**Work task:**
The task calls for the lines below from the line with "AC prenosná max" to the line with "1886: надпись на", both ends included, copied exactly, without any pictures.

**Records provided:**
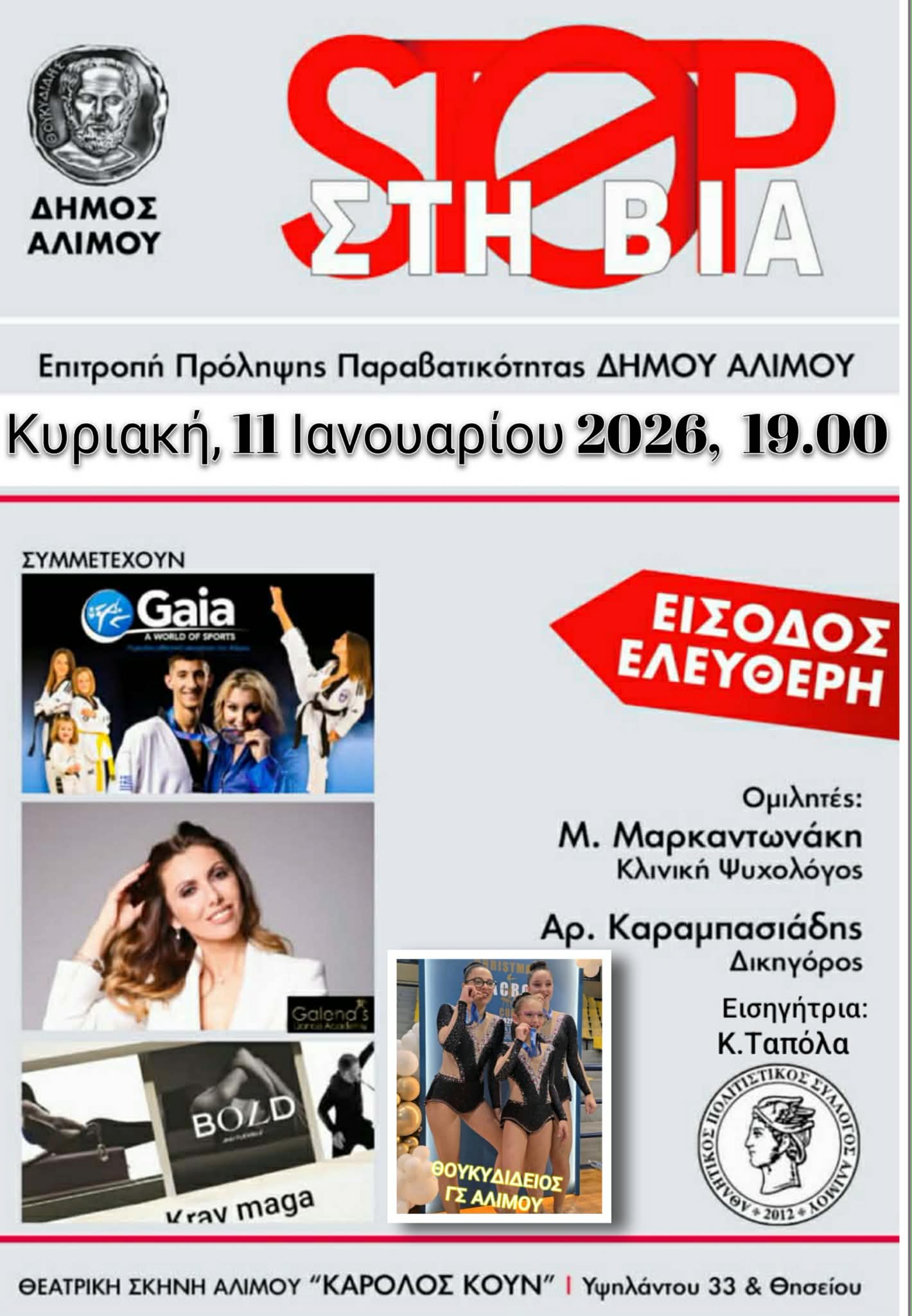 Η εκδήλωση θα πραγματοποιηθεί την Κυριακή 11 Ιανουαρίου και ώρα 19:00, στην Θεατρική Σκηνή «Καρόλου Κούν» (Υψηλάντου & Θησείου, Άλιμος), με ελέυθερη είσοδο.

---

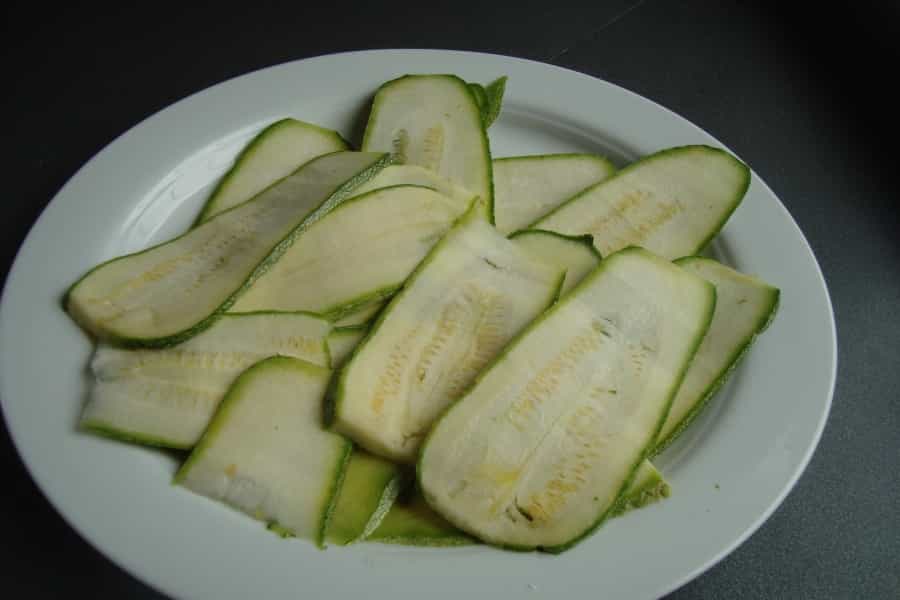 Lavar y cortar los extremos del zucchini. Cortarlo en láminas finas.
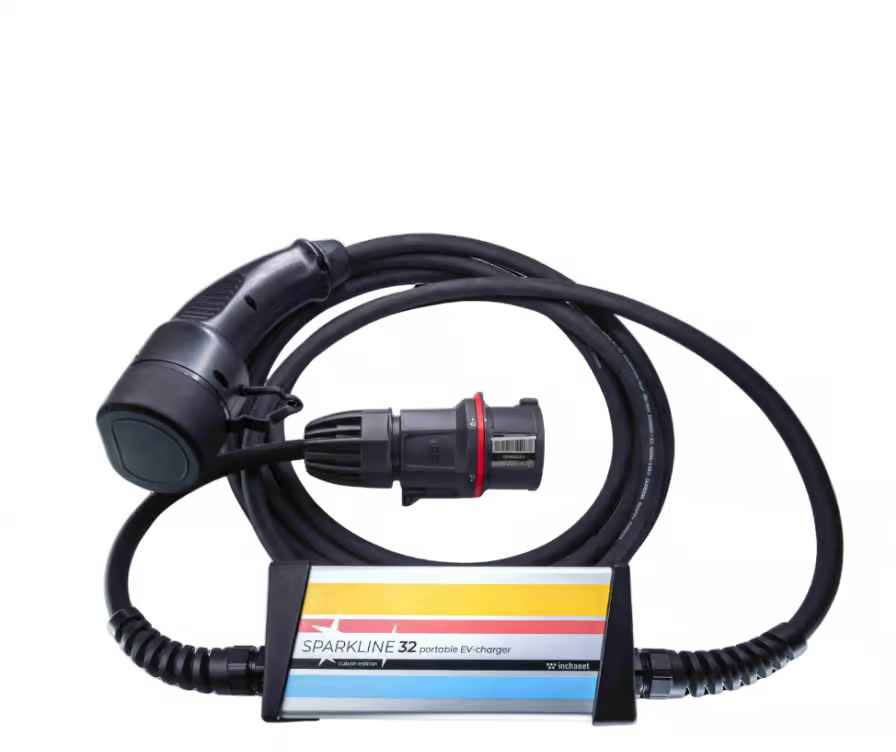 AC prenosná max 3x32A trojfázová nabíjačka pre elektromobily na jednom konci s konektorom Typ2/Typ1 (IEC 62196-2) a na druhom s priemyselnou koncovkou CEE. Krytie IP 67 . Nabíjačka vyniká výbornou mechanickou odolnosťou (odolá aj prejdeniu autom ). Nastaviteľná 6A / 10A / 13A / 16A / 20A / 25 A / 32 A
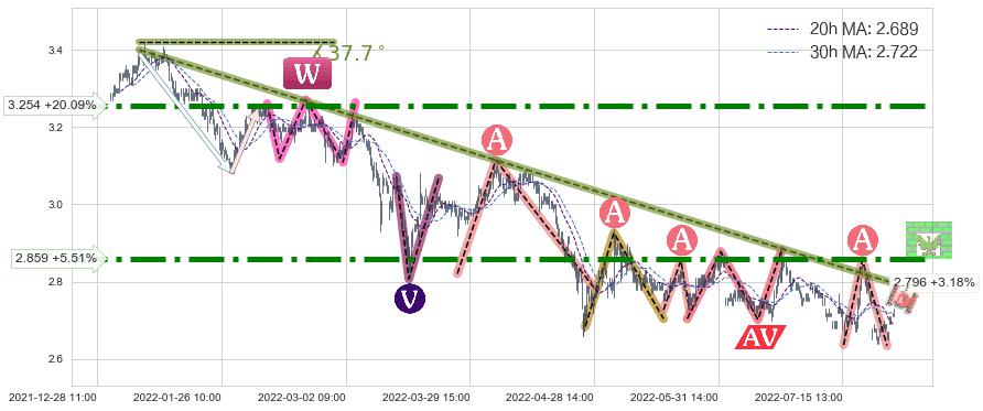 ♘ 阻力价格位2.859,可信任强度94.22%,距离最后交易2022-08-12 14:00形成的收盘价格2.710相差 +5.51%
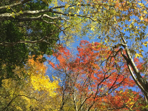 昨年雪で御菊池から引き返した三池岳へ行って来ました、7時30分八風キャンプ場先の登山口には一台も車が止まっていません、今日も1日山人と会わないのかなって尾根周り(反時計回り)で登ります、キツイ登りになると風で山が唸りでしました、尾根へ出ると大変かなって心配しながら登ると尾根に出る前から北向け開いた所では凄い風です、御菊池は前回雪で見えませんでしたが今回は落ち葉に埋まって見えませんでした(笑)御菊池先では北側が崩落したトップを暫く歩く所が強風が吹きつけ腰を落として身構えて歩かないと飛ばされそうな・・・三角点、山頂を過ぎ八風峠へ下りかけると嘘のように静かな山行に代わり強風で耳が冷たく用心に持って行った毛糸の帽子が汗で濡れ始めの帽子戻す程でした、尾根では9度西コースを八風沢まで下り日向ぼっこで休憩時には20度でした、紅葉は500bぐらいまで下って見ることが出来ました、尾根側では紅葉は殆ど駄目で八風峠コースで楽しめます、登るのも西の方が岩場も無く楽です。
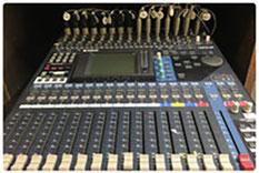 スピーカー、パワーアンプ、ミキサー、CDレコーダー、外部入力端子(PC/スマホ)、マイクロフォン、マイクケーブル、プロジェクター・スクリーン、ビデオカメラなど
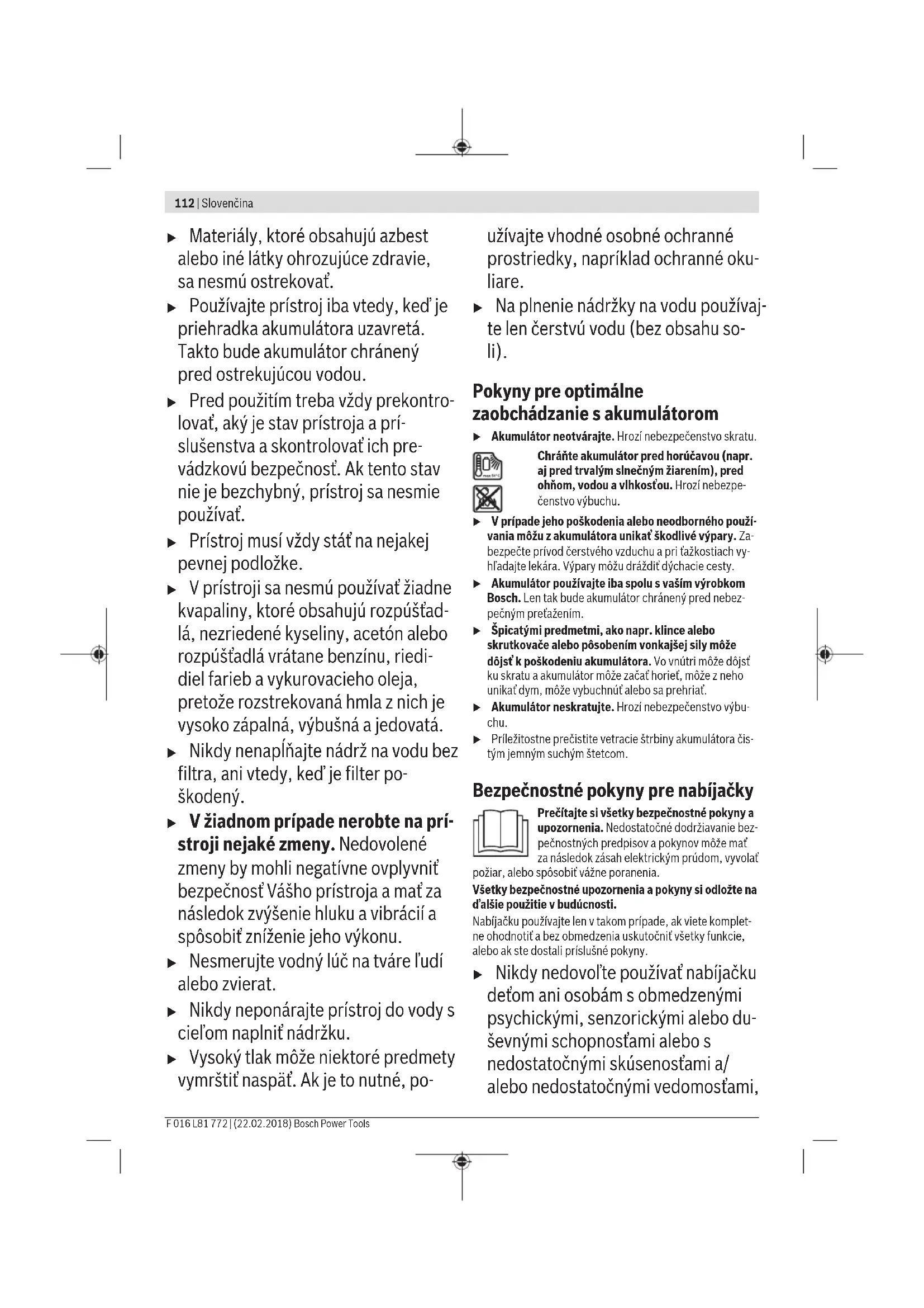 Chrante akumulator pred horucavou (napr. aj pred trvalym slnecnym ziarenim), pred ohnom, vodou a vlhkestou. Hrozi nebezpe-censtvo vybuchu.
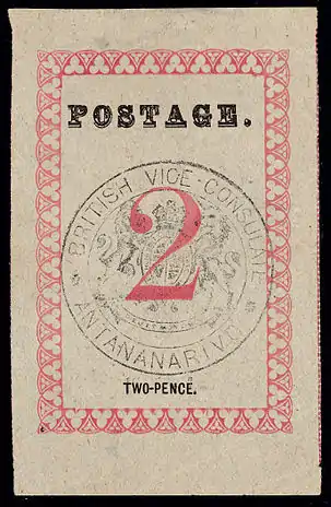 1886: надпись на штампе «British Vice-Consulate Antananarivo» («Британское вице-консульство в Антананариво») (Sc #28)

--

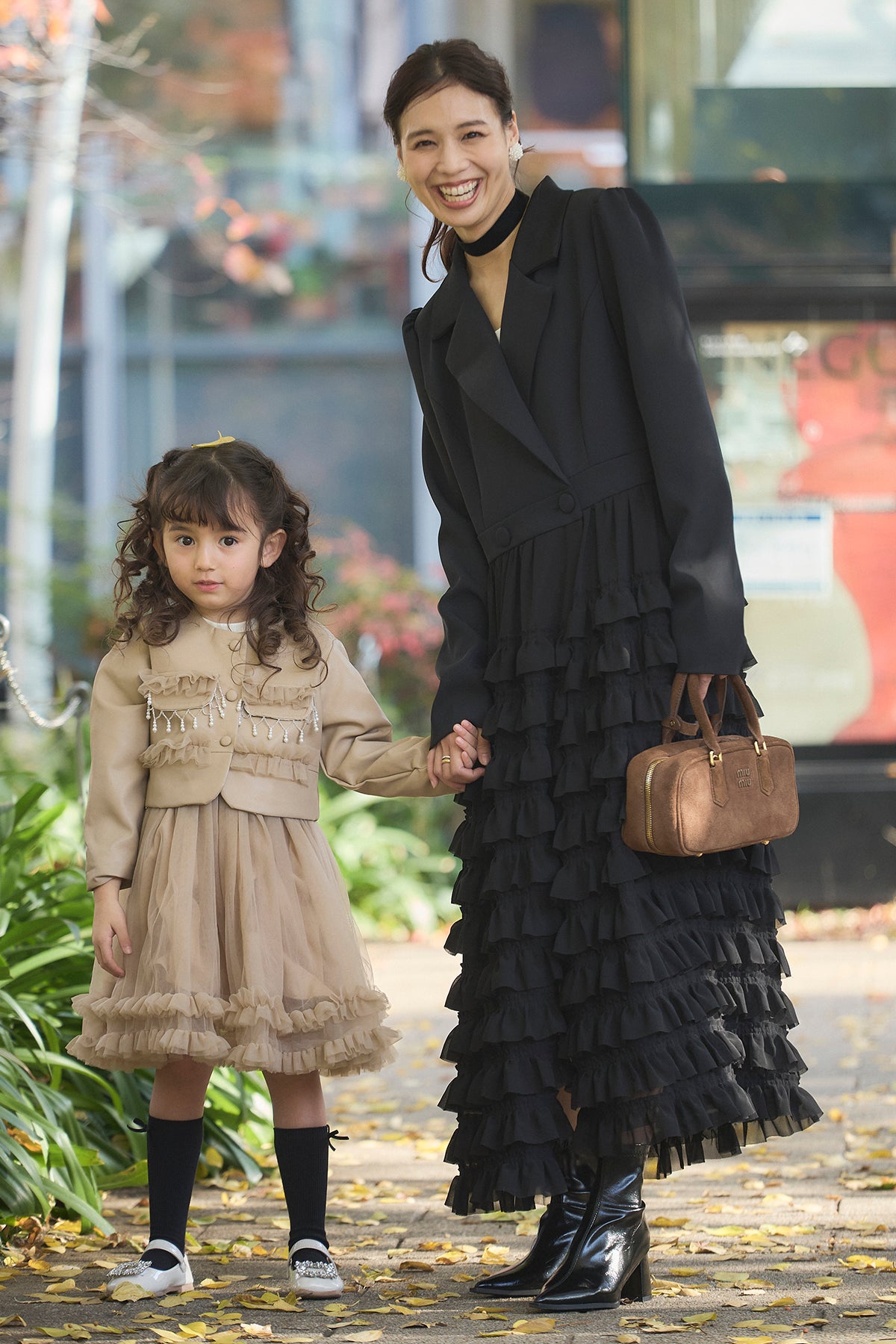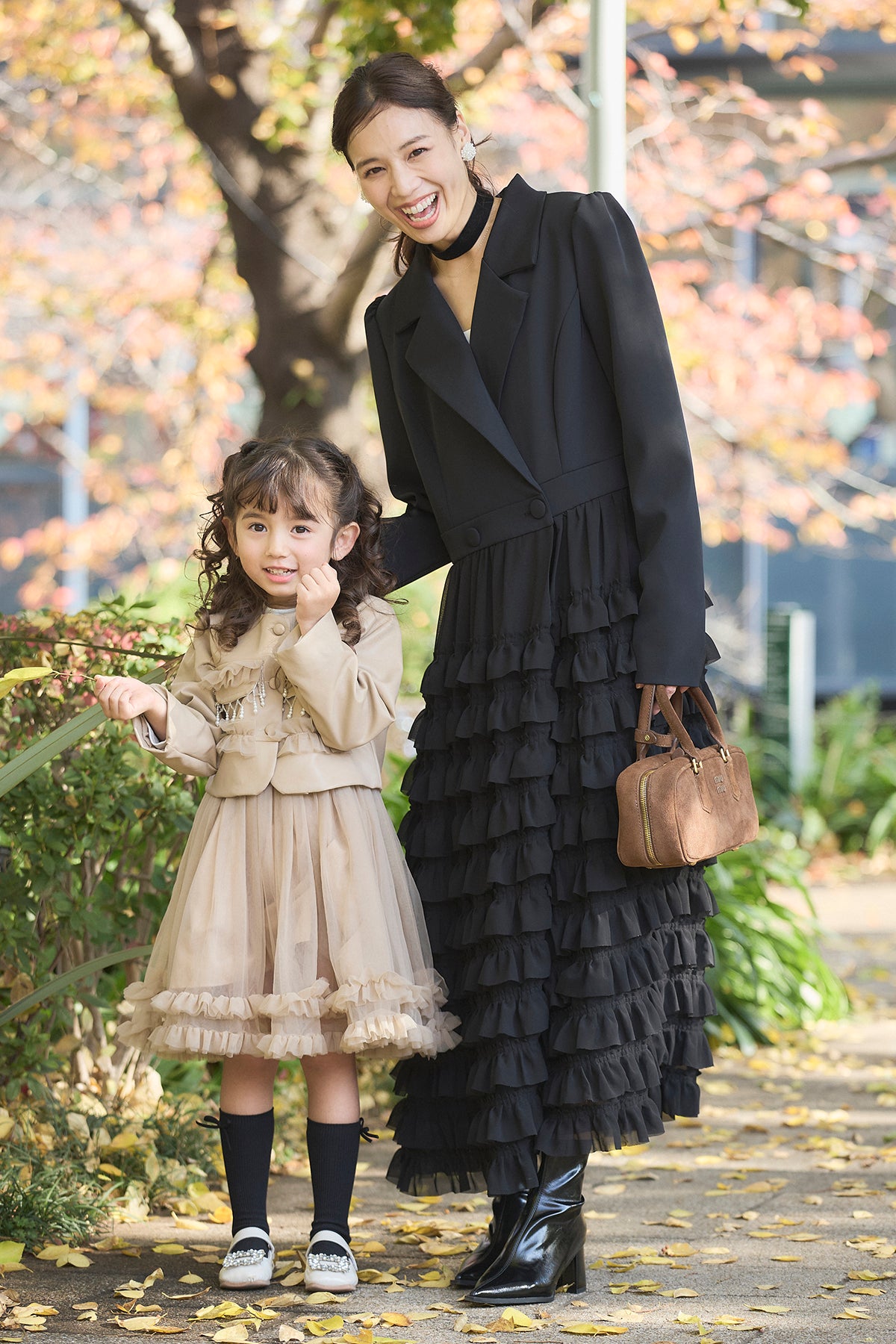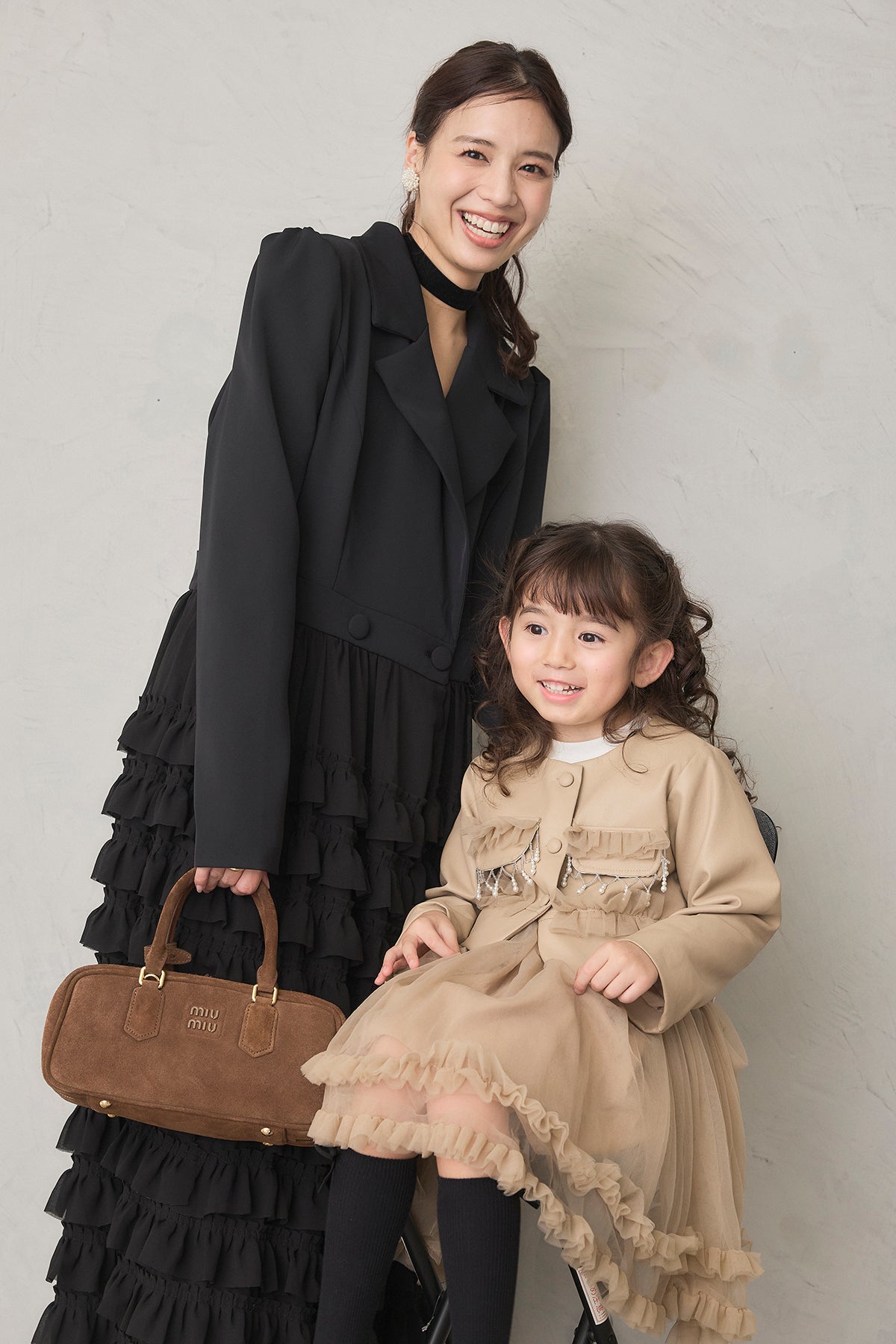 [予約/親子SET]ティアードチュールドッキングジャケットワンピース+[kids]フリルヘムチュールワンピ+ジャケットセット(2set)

**Exercise response:**
 AC prenosná max 3x32A trojfázová nabíjačka pre elektromobily na jednom konci s konektorom Typ2/Typ1 (IEC 62196-2) a na druhom s priemyselnou koncovkou CEE. Krytie IP 67 . Nabíjačka vyniká výbornou mechanickou odolnosťou (odolá aj prejdeniu autom ). Nastaviteľná 6A / 10A / 13A / 16A / 20A / 25 A / 32 A
 ♘ 阻力价格位2.859,可信任强度94.22%,距离最后交易2022-08-12 14:00形成的收盘价格2.710相差 +5.51%
 昨年雪で御菊池から引き返した三池岳へ行って来ました、7時30分八風キャンプ場先の登山口には一台も車が止まっていません、今日も1日山人と会わないのかなって尾根周り(反時計回り)で登ります、キツイ登りになると風で山が唸りでしました、尾根へ出ると大変かなって心配しながら登ると尾根に出る前から北向け開いた所では凄い風です、御菊池は前回雪で見えませんでしたが今回は落ち葉に埋まって見えませんでした(笑)御菊池先では北側が崩落したトップを暫く歩く所が強風が吹きつけ腰を落として身構えて歩かないと飛ばされそうな・・・三角点、山頂を過ぎ八風峠へ下りかけると嘘のように静かな山行に代わり強風で耳が冷たく用心に持って行った毛糸の帽子が汗で濡れ始めの帽子戻す程でした、尾根では9度西コースを八風沢まで下り日向ぼっこで休憩時には20度でした、紅葉は500bぐらいまで下って見ることが出来ました、尾根側では紅葉は殆ど駄目で八風峠コースで楽しめます、登るのも西の方が岩場も無く楽です。
 スピーカー、パワーアンプ、ミキサー、CDレコーダー、外部入力端子(PC/スマホ)、マイクロフォン、マイクケーブル、プロジェクター・スクリーン、ビデオカメラなど
 Chrante akumulator pred horucavou (napr. aj pred trvalym slnecnym ziarenim), pred ohnom, vodou a vlhkestou. Hrozi nebezpe-censtvo vybuchu.
 1886: надпись на штампе «British Vice-Consulate Antananarivo» («Британское вице-консульство в Антананариво») (Sc #28)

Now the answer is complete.